Читаем Диктатор полностью

– Я знаю, какой он. Не будешь ли ты так добр сказать ему, что я вернусь через день-другой, чтобы как следует с ним попрощаться?

Настроение у меня было подавленное, но решительное. Я не собирался отступать от задуманного.

Эрос отвез меня на ферму. Это было недалеко, всего две или три мили, но расстояние показалось мне гораздо более длинным: я как будто переехал из одного мира в другой.

Работавший на ферме надсмотрщик и его жена не ожидали меня так скоро, но тем не менее были как будто бы рады меня видеть. Одного из рабов позвали из сарая, чтобы он отнес мой багаж в дом. Коробки с моими книгами и документами отправились прямиком на верхний этаж, в комнату под стропилами, которую я еще в первый визит сюда выбрал для своей маленькой библиотеки.

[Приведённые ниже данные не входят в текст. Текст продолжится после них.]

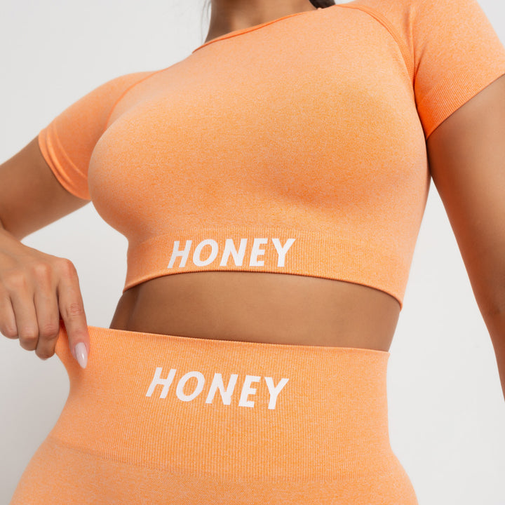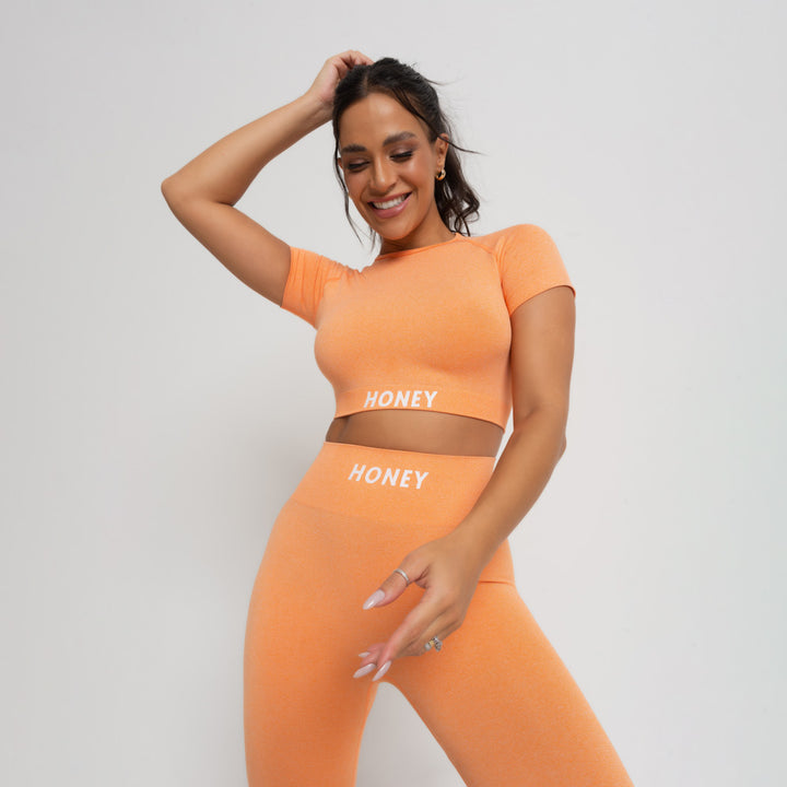 • O Conjunto Fitness Seamless Mesclado Laranja CO460 é um lançamento que faz parte da nova linha Honey Be, Honey Seamless ®!! Uma coleção que traz a tecnologia Sem Costura para os looks. Pensando especialmente nas nossas Honey Musas, que estão buscando conforto, tendência e estilo na hora do treino.

В комнате, закрытой ставнями, было прохладно. Как я и просил, тут соорудили полки – грубые и простые, но меня это не заботило, – и я сразу принялся распаковываться. В одном из писем Цицерона к Аттику есть замечательная строка, в которой он описывает свой переезд в дом и говорит: «Я расставил свои книги, и теперь у моего дома есть душа». Именно это я и чувствовал, опустошая коробки. А потом, к своему удивлению, в одной из коробок обнаружился оригинал манускрипта «О дружбе». Я озадаченно развернул его, думая, что, может, захватил его по ошибке, но увидел, что Цицерон дрожащей рукой написал вверху цитату из текста – о том, как важно иметь друзей. Мне стало ясно, что это его прощальный дар: «Если человек возносится на небеса и смотрит вниз на все устройство Вселенной и на красоту звезд, чудесный вид не приносит ему радости, если ему приходится смотреть на это одному. Однако если бы имелся кто-нибудь, кому можно было бы описать это зрелище, оно наполнило бы его восхищением. Природа не терпит одиночества».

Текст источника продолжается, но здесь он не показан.